Authentication Methods

Git needs to prove your identity when pushing to or pulling from private repositories on GitHub. There are two main authentication methods: HTTPS with the GitHub CLI, and SSH keys.

Configuring Your GitHub Profile

Your GitHub profile represents you professionally. Take time to complete it.

Navigate to Settings → Profile and add a professional profile photo (your face, not a logo or meme), a bio describing your role and interests, your location and organization (if appropriate), and links to your website or portfolio.

The profile README is a special feature: create a repository with the same name as your username (e.g., username/username), and its README appears on your profile page.

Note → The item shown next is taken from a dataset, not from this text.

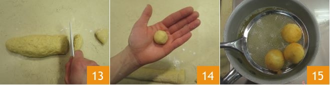 Eine Kugel formen und dann eine Rolle 13 daraus machen, aus der Sie etwa 20 g schwere Stückchen schneiden 14. Jedes Stück zu einer runden Form bringen 14, dann einige Kugeln gleichzeitig in heißem Erdnussöl bei 140° frittieren (mit einem Küchenthermometer messen) 15, bis sie goldbraun sind.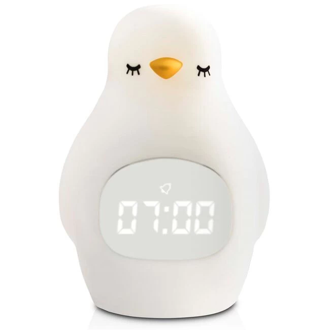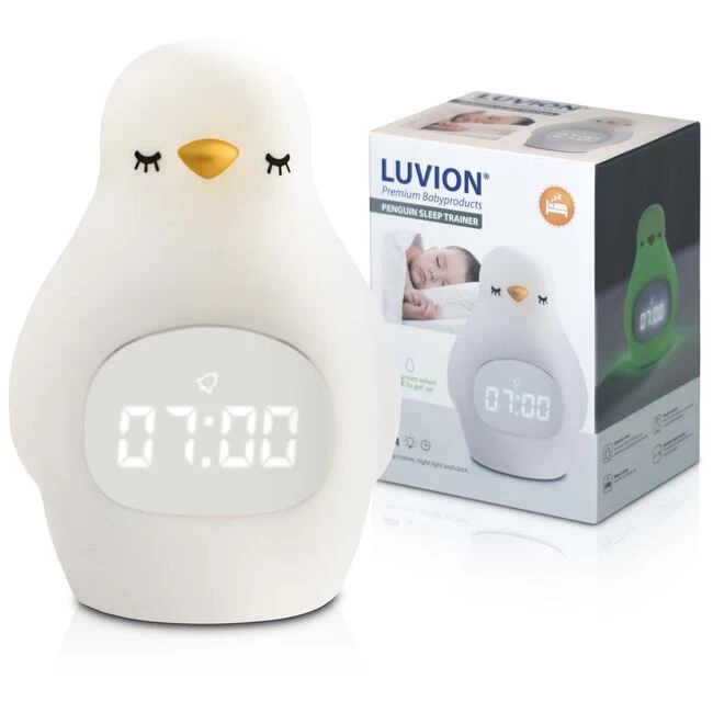 Deze Luvion slaaptrainer in de vorm van een pinguin is ideaal om je kleintje te leren wanneer het nog geen tijd is om op te staan. Dit doe je door de slaaptrainer functie in te stellen op de gewenste tijd. Het lampje zal dan vanaf een half uurt voor de ingestelde tijd gaan branden, in het geel, als teken dat het bijna tijd is om op te staan. Op de ingestelde tijd veranderd de kleur naar groen als teken dat je kindje uit bed mag komen. Doordat er alleen een lichtje gaat branden wanneer het tijd is om op te staan zal je kindje hierdoor niet worden wakker gemaakt. Daarnaast bevat de pinguin een nachtlampje, leuk en handig om ‘s avonds met het naar bed gaan te gebruiken als nachtlampje.

This is a good place to highlight your skills and projects.

GitHub CLI Configuration

The GitHub CLI has configuration options beyond authentication.

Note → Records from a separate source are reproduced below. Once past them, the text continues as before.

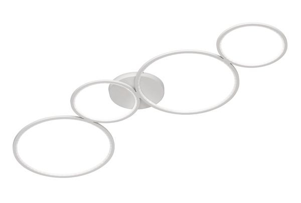 vier aneinander hängenden Ringen unterschiedlichen Durchmessers, verfügt über einen integrierten Dimmer, der über den Lichtschalter gesteuert wird, Farbgestaltung in Weiß matt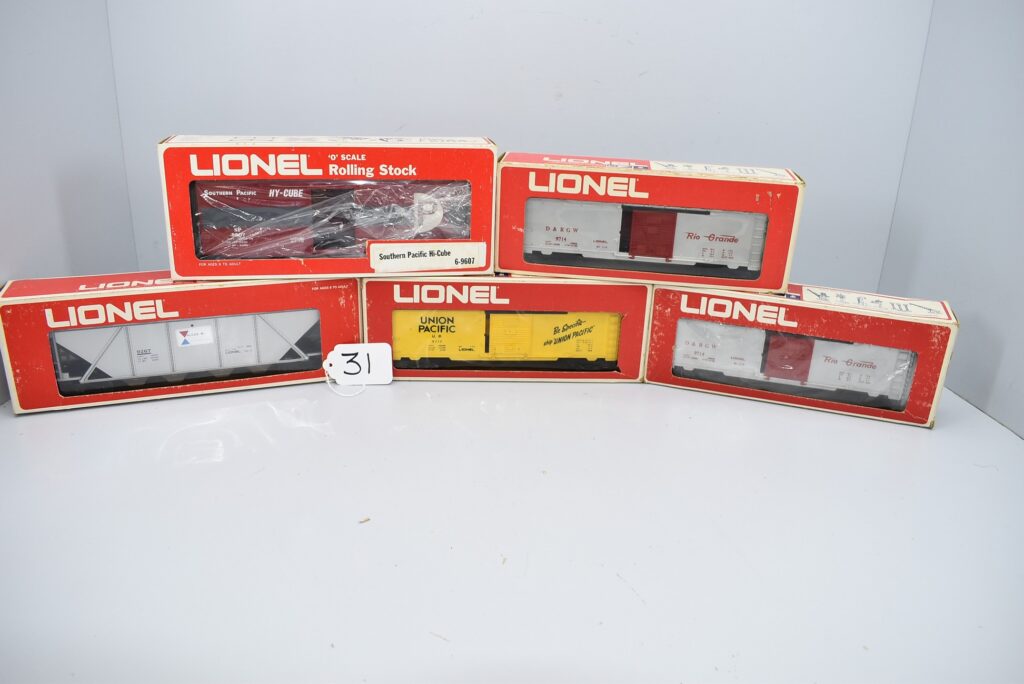 31.          Lot of 5 Lionel O-Gauge Train Cars – Including (2) D&RGW Box Cars 6-9714, Union Pacific Box Car 6-9717,...
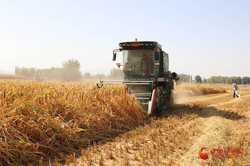 秋风送爽,谷穗飘香。近日,临泽县倪家营镇马郡村的谷子迎来了收获季,农户们利用晴好天气抢收谷子,伴随着隆隆机械声,大型收割机开足马力在田间来回穿梭,人来车往,处处呈现出一派丰收的喜人场景。

View current configuration:

terminal
gh config list

Set your default editor:

terminal
gh config set editor "zed --wait"

Set the preferred Git protocol:

terminal
gh config set git_protocol https
# or
gh config set git_protocol ssh

Set the default browser:

terminal
gh config set browser "chrome"

Essential GitHub CLI Commands

Once authenticated, the GitHub CLI streamlines many workflows. These are the commands you’ll use most frequently.

Create a repository:

terminal
# Create a new repository and push current directory
gh repo create my-project --public --source=. --remote=origin --push

# Create interactively
gh repo create

Clone a repository:

terminal
gh repo clone username/repo-name

View repository in browser:

terminal
gh repo view --web

Create a pull request:

terminal
gh pr create --title "Add feature X" --body "Description of changes"

# Create interactively
gh pr create

List and view pull requests:

terminal
gh pr list
gh pr view 42
gh pr view 42 --web  # Open in browser

Check out a pull request locally:

terminal
gh pr checkout 42

Create an issue:

terminal
gh issue create --title "Bug in parser" --body "Steps to reproduce..."

List and view issues:

terminal
gh issue list
gh issue view 123

View your notifications:

terminal
gh status

Notifications and Watching

GitHub sends notifications for activity on repositories you watch. Managing notifications prevents inbox overload.

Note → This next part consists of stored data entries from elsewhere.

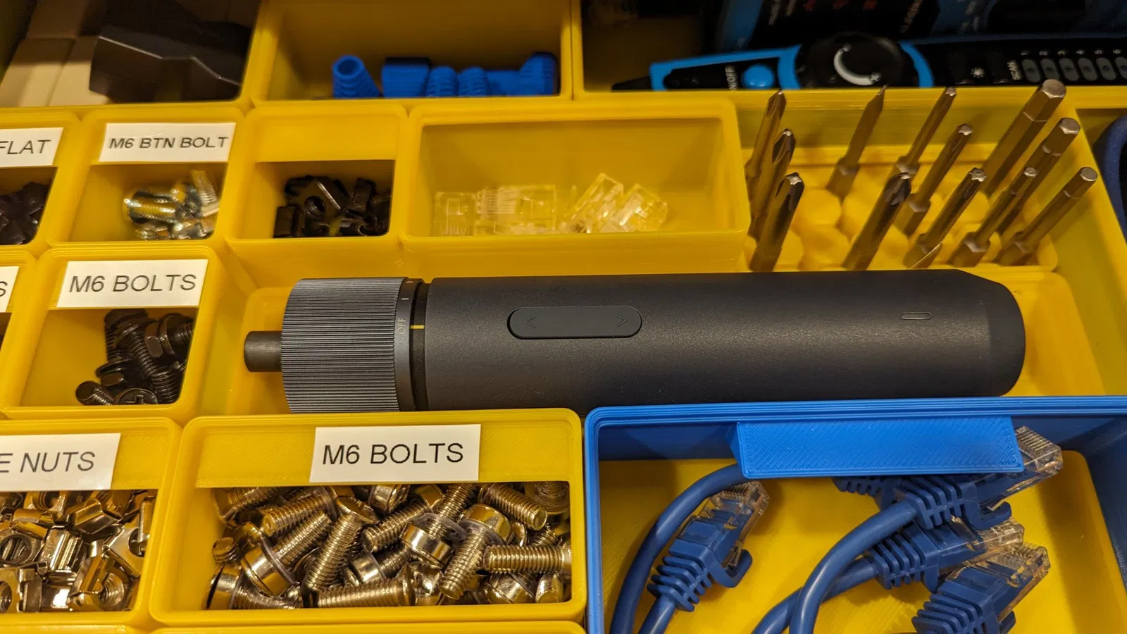 5x1 Giá đỡ cho các công cụ tròn tương thích với hệ thống tổ chức Gridfinity phổ biến. Tôi đã làm nó cho chiếc tua vít điện khá lớn của mình, nhưng đường kính công cụ phù hợp với chiều rộng gridfinity, vì vậy nó sẽ hoạt động tốt cho bất kỳ công cụ tròn nào vừa vặn trong khe 5x1. Thông tin chi tiết hơn về hệ thống Gridfinity: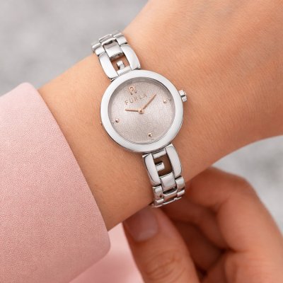 Cette montre Furla a un boîtier Inox 24 mm en diamètre et est équipée d'un bracelet Inox. Le boîtier contient un mouvement Miyota et la montre est dotée d'un cristal Minéral..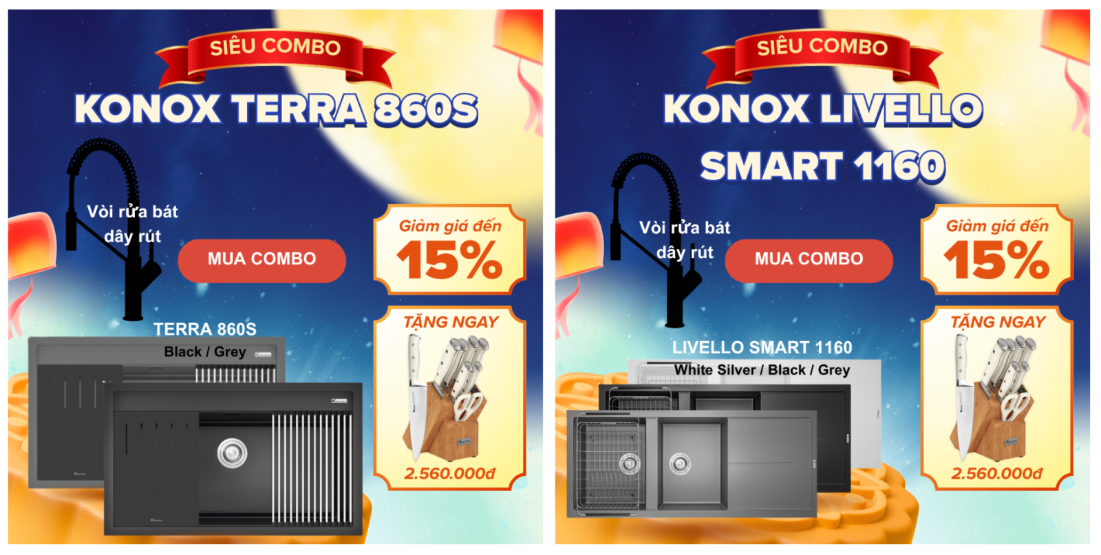 Với chương trình ưu đãi Konox 2025, khách hàng không chỉ nhận quà tặng giá trị mà còn được sở hữu những sản phẩm nhà bếp cao cấp, thiết kế tinh tế, bền bỉ và tối ưu công năng. Đây là cơ hội tuyệt vời để bạn nâng cấp căn bếp của mình và tận hưởng trọn vẹn niềm vui sum vầy mùa Trung Thu.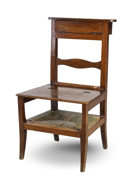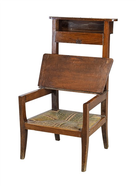 Sedia/Inginocchiatoio in noce con schienale a giorno e sportellino ribaltabile, seduta in parte ribaltabile con pianetto di raccordo in paglia. Secolo XIX (h cm 89) (difetti)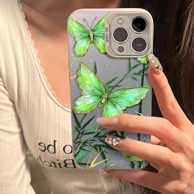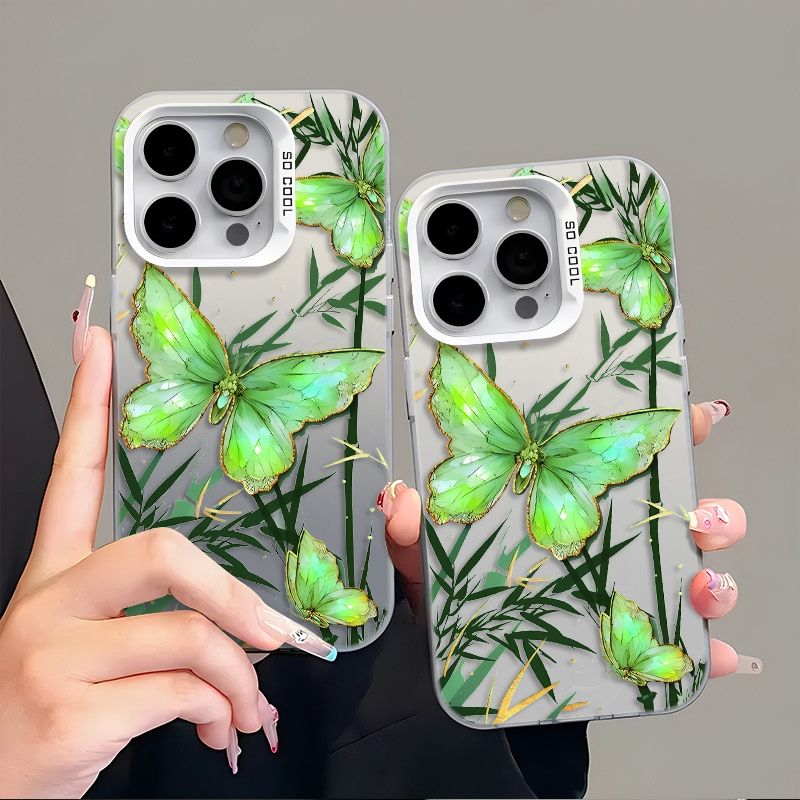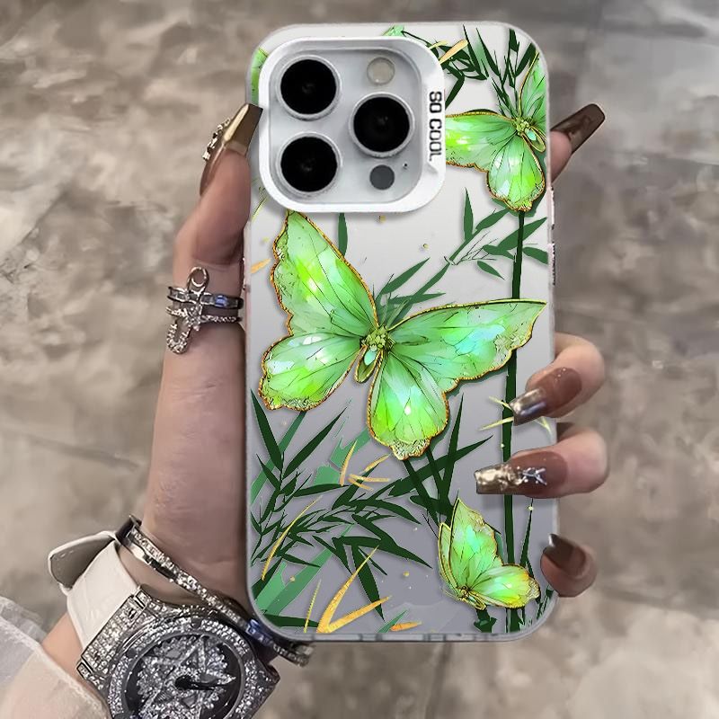 เคสโทรศัพท์มือถือกันกระแทกลายผีเสื้อสีเขียว TPU สำหรับ iPhone 17 16 15 Plus Pro MAX 14 13 12 11 x XR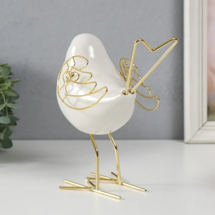 Сувенир керамика, металл "Белый воробей" с золотыми крыльями 9х17х17 см — Характеристики
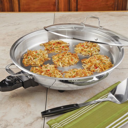 Reviews for CucinaPro 1453 Stainless Steel Round Classic Electric Skillet 12 Inch (Kitchen) I'm extremely happy together with my buy. I wished a trendy electrical skillet. I did not want one with a non-stick coating, as these are inclined to flake off over time. I needed something that had enough eye-appeal to found utilize of on a buffet desk or to carry to potlucks. Typically, I use this skillet for calmly fried Italian dishes like scallopini, breaded zucchini, and rooster piccata. Having a climatic characteristic dial comes in handy when making these dishes as you might easily maintain the oil at correct temperature to crisp the meals without getting it soggy. This skillet does duties that my deep fryer and crock pot do no longer do well. Basically, a deep fryer is too large for scallopini, and a crock pot is just too deep for certain buffet displays. Recently, I took it to a pot luck and utilized it to serve Buffalo wings. The instructions indicated that the pan must be "seasoned" ahead of first utilize to avoid sticking. I did have any problems in seasoning the pan. When I called customer service, they mentioned the best means to season the pan is to cook bacon in it. Any excuse to eat bacon is on a regular basis a good one. I did be in a position to properly season my pan and I should not have problems accompanying sticking. The glass lid is sweet. It has a dinky hole in it to permit steam to flee.

Access notification settings at Settings → Notifications. Configure whether to receive email notifications, participating notifications (when you’re mentioned or assigned), and watching notifications (all activity on watched repos).

For repositories, choose your watch level by visiting the repository and clicking “Watch.” Options include participating only (you’re mentioned or assigned), all activity, ignore, or custom selections.

Connecting Git and GitHub

Ensure your Git identity matches your GitHub account:

terminal
# Check your Git email
git config --global user.email

# This should match one of your GitHub emails
# Verify at: https://github.com/settings/emails

If your Git email doesn’t match any GitHub email, commits won’t be linked to your GitHub account. Either add the email to GitHub or change your Git configuration.

Troubleshooting Authentication

“Permission denied” when pushing:

Verify you’re authenticated:

terminal
gh auth status

“Repository not found” error:

This usually means you don’t have access. Verify the repository exists and you have permission. Check for typos in the URL. If it’s a private repository, ensure you’re authenticated.

Credential issues:

If Git asks for credentials repeatedly, your credential helper may not be configured. See Appendix D — Git Configuration for credential helper setup, or use gh auth setup-git to configure Git to use GitHub CLI authentication.

Summary

GitHub authentication connects your local Git to the remote platform. You learned how to create and configure a GitHub account, authenticate using the GitHub CLI (recommended) or SSH keys, configure the GitHub CLI for your workflow, and use essential CLI commands for repositories, pull requests, and issues. With authentication configured, you can seamlessly push your work to GitHub and collaborate with others.

Glossary

GitHub CLI (gh)
A command-line tool for interacting with GitHub, including authentication, repository management, pull requests, and issues.
HTTPS Authentication
Authentication using tokens or credentials over the HTTPS protocol. The GitHub CLI manages this automatically.